Stored items from a collection:

◆ ◆ ◆ ◆

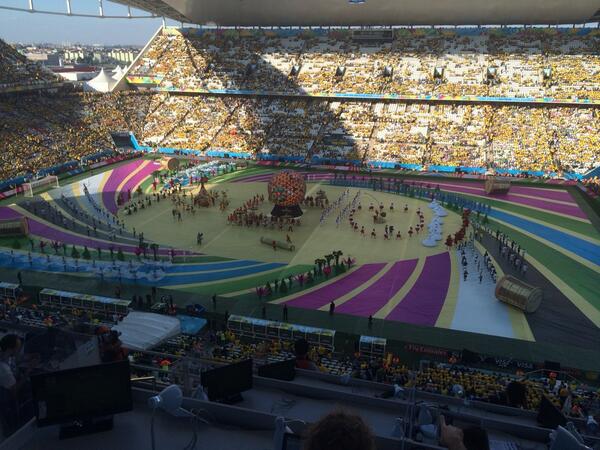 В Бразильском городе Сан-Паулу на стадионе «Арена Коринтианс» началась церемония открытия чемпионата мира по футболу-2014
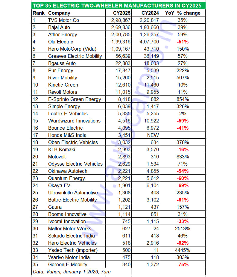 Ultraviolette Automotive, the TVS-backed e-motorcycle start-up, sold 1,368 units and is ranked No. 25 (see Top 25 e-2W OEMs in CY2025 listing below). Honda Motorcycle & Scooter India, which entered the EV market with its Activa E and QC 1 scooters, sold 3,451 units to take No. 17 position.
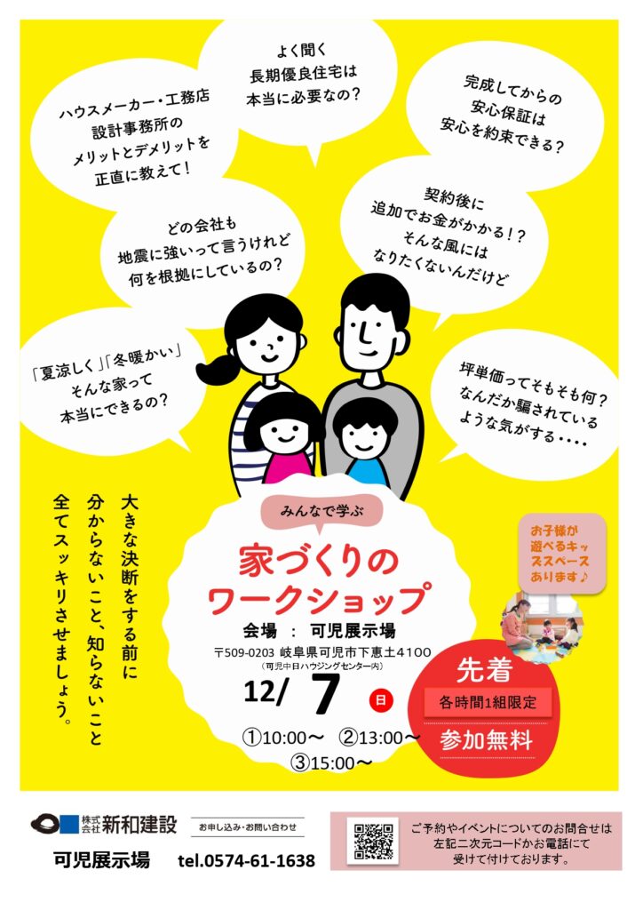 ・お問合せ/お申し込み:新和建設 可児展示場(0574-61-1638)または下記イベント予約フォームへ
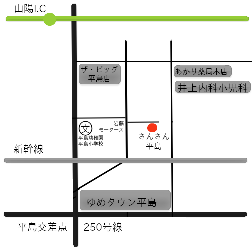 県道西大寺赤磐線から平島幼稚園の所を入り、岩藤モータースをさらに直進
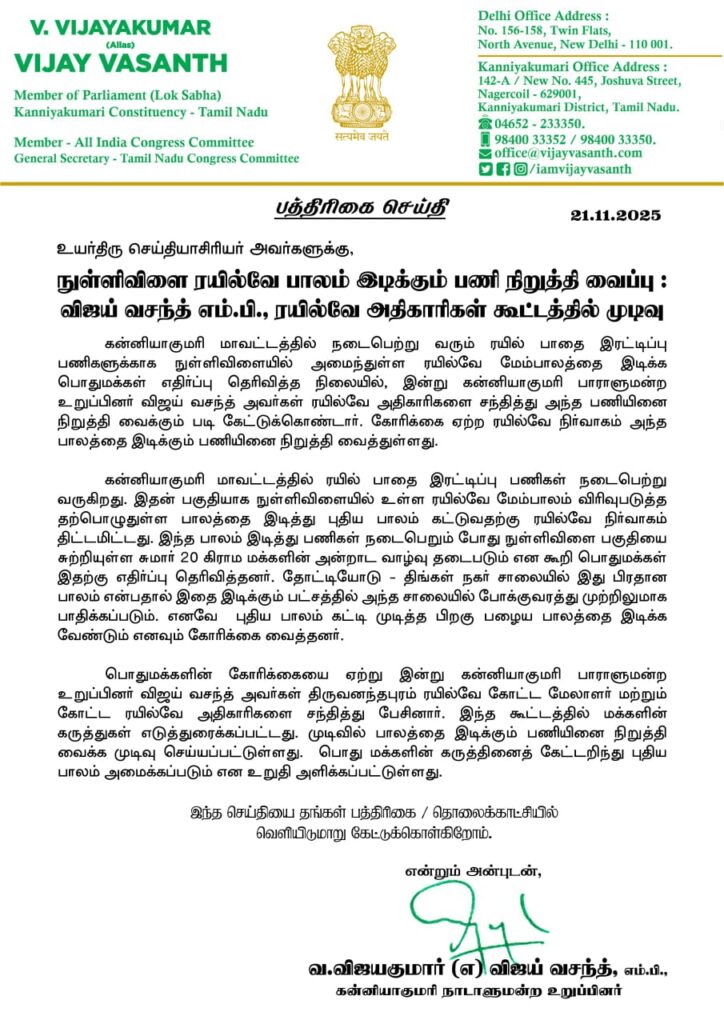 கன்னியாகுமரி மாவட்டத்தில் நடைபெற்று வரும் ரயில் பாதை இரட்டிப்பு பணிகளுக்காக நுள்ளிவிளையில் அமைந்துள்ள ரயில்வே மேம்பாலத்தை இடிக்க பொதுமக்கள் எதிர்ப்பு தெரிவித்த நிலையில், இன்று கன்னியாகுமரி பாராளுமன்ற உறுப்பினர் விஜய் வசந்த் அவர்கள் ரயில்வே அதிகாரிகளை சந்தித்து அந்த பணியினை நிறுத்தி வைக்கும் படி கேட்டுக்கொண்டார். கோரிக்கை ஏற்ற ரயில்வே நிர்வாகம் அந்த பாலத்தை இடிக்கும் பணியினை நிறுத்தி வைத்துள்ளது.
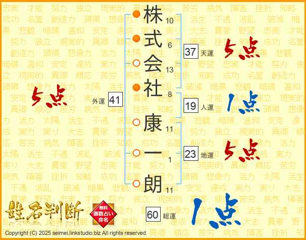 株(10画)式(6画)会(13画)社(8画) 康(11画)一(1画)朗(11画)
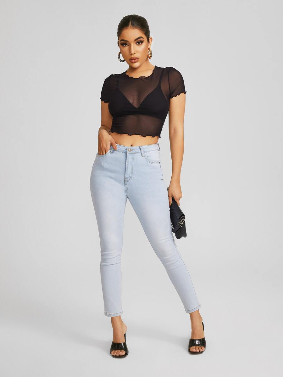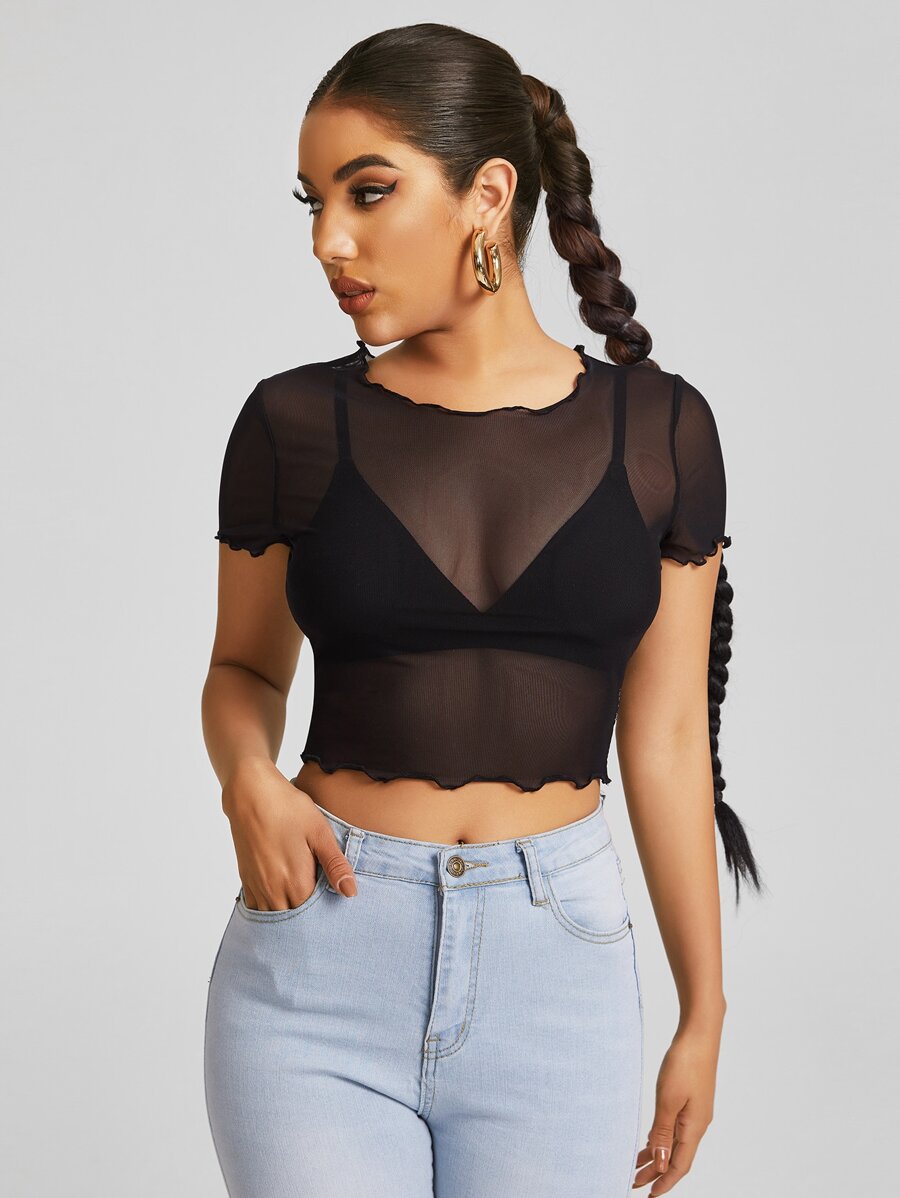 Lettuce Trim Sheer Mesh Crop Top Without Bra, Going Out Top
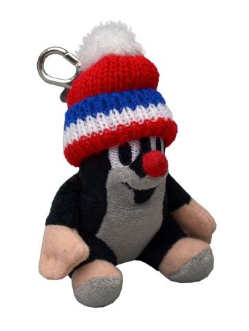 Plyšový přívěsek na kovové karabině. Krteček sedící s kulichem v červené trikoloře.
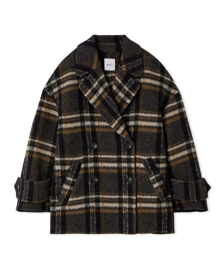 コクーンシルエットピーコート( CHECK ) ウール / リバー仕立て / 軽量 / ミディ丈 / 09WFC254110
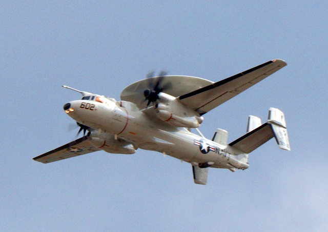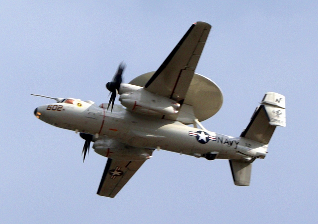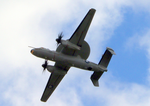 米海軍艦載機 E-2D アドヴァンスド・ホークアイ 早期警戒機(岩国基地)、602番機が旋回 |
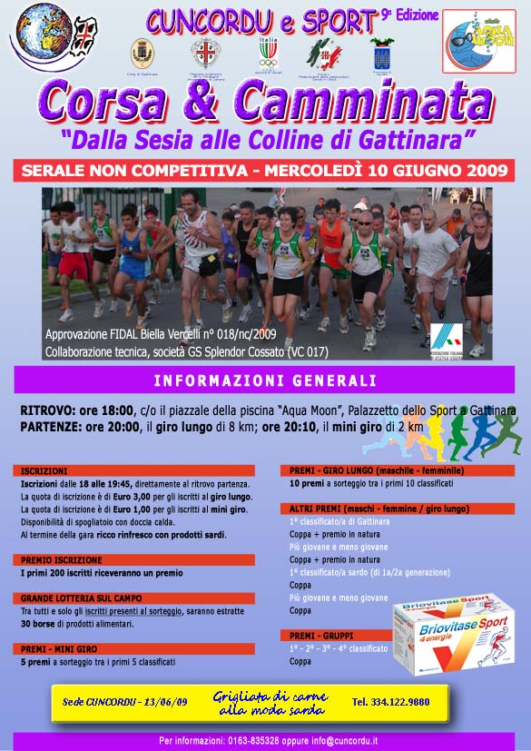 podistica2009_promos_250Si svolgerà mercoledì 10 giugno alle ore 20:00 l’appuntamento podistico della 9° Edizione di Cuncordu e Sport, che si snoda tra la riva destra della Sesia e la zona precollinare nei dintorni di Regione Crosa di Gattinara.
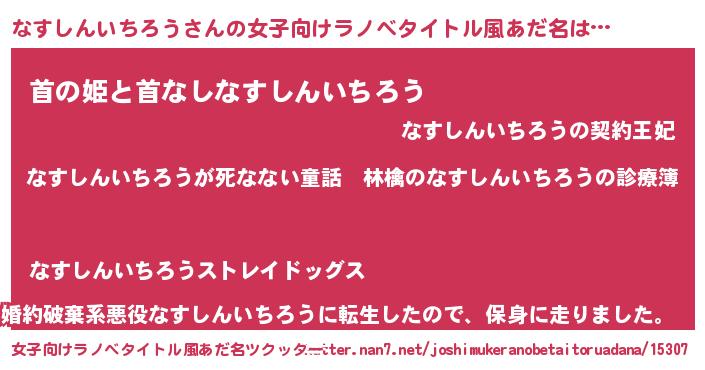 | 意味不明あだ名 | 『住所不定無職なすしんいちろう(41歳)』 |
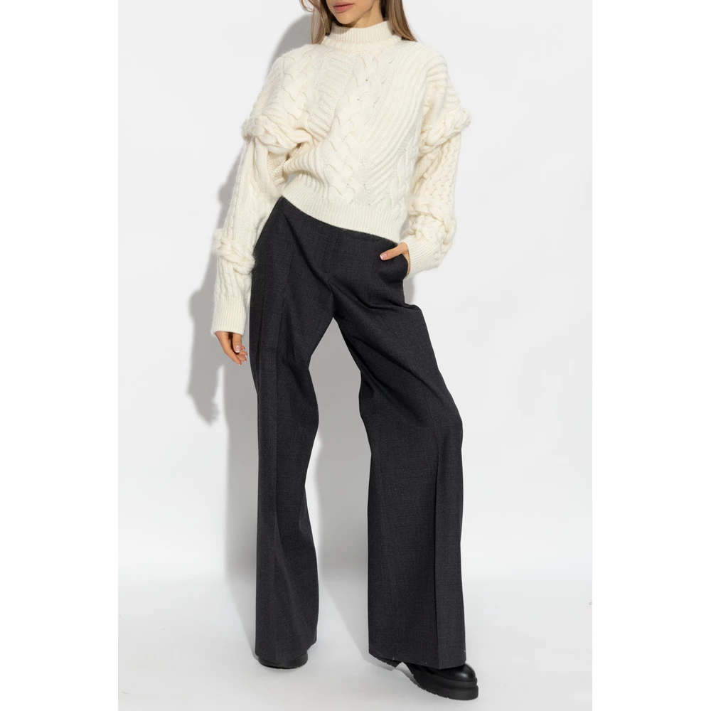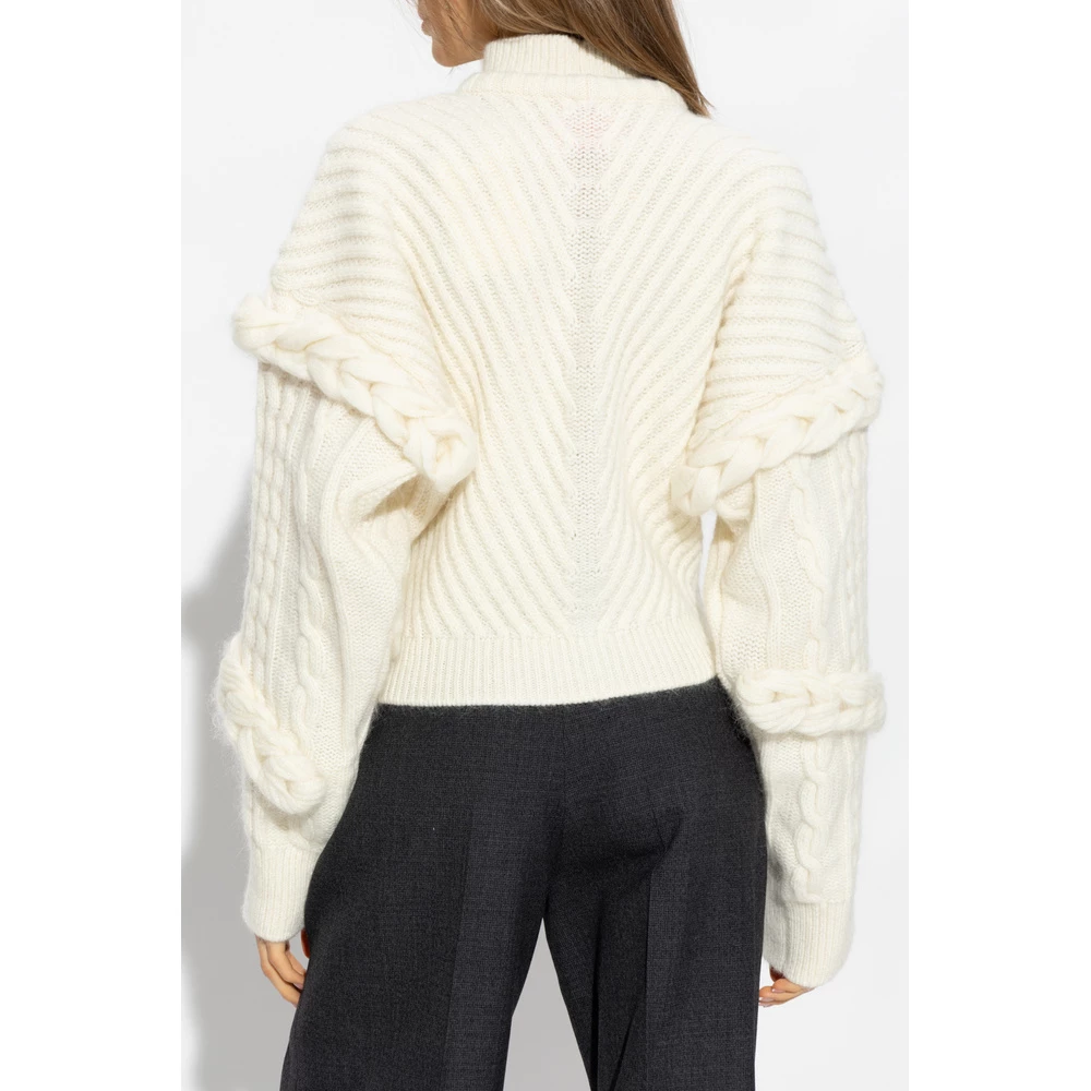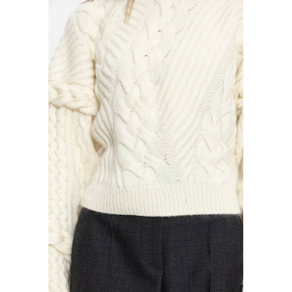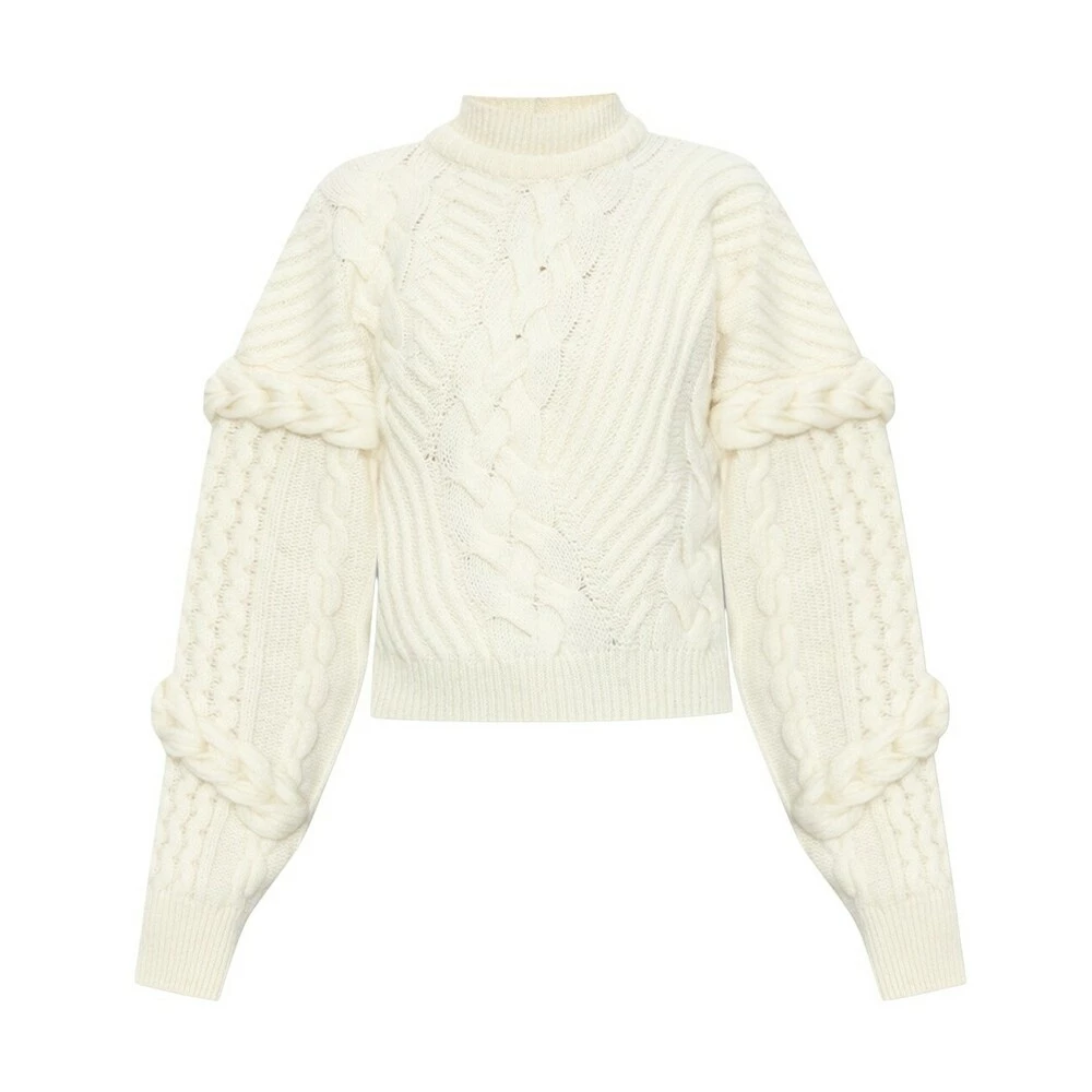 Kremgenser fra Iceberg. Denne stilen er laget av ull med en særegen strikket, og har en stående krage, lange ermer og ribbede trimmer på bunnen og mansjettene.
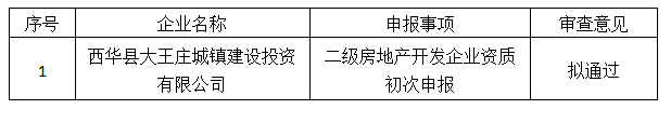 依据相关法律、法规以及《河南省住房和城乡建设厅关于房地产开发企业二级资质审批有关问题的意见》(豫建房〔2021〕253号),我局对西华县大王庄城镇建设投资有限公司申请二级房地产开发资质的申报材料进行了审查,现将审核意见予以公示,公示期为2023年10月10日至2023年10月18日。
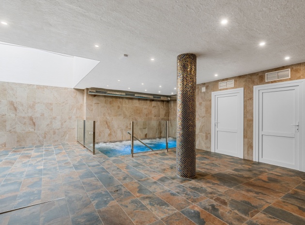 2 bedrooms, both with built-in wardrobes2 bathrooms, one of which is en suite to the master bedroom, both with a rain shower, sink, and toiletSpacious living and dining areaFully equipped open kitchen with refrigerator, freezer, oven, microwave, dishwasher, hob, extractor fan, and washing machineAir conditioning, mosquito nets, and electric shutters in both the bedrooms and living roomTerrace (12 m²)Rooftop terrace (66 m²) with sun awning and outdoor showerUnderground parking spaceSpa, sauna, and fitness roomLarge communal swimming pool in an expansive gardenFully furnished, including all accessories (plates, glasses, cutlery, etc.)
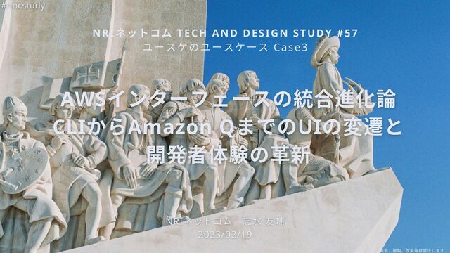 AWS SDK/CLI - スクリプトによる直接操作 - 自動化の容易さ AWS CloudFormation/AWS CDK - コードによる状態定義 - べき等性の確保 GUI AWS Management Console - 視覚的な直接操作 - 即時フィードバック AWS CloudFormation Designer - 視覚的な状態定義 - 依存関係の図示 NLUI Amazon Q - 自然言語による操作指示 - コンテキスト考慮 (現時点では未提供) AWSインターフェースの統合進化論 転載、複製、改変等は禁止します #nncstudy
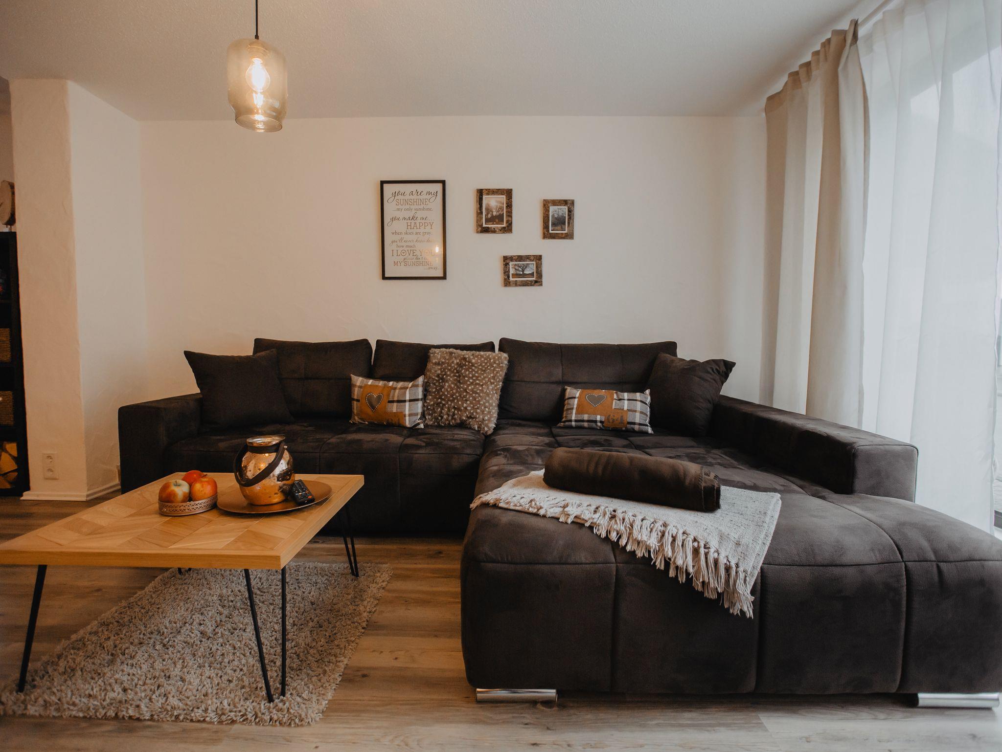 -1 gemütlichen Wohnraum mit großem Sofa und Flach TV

◆ ◆ ◆ ◆

TASK STATEMENT: Output exactly the lines from the line containing "AWS SDK/CLI - スクリプトによる直接操作" through the last line of the records, both included, and leave out every picture.

OUTPUT:
 AWS SDK/CLI - スクリプトによる直接操作 - 自動化の容易さ AWS CloudFormation/AWS CDK - コードによる状態定義 - べき等性の確保 GUI AWS Management Console - 視覚的な直接操作 - 即時フィードバック AWS CloudFormation Designer - 視覚的な状態定義 - 依存関係の図示 NLUI Amazon Q - 自然言語による操作指示 - コンテキスト考慮 (現時点では未提供) AWSインターフェースの統合進化論 転載、複製、改変等は禁止します #nncstudy
 -1 gemütlichen Wohnraum mit großem Sofa und Flach TV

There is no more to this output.